Actypoles fait partie des dix applications françaises « territoire zéro chômeur de longue durée ». Le modèle économique, défini par la loi de février 2016, consiste à réaffecter les coûts et les manques à gagner dus à la privation d’emploi (RSA, CMU etc.) à la rétribution d’activités qui ne sont ni dans le champ de l’activité concurrentielle ni dans celui des services publics. « Pour chacun de nos CDI au smic, nous percevons 18 000 euros par an, ce qui correspond environ aux trois quarts du coût d’un emploi », détaille Laure Escoubès.

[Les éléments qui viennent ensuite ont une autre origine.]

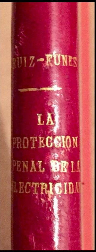 LA PROTECCIÓN PENAL DE LA ELECTRICIDAD. Mario Ruiz Funes. Librería General de Victoriano Suárez, Madrid, 1926. 1ª edición. Mediapiel y cartoné. 75 pgs. 18x12 cm. Muy raro. Naturaleza jurídica de la electricidad, sustracción de electricidad, estafa, daño, hurto, hurto de uso, legislaciones y jurisprudencias extranjeras, españolas, bibliografía. (Derecho ley juzgado abogado juez judicatura código penal civil legislación ciencia técnica electrotecnia).

L’entreprise, qui a aisé un chiffre d’affaires de 200 000 euros en 2018, finance le complément. Selon un rapport d’étape du Fonds d’application territoriale contre le chômage de longue durée, présidé par l’ancien patron de la SNCF Louis Gallois, ce modèle d’activation des dépenses sociale est « neutre » pour les finances publiques.
Le plan « pauvreté » exposé en septembre 2018 par Emmanuel Macron prédit une deuxième loi pour étendre l’expérimentation à d’autres territoires. Plus d’une centaine ont d’ores et déjà exprimé leur intérêt.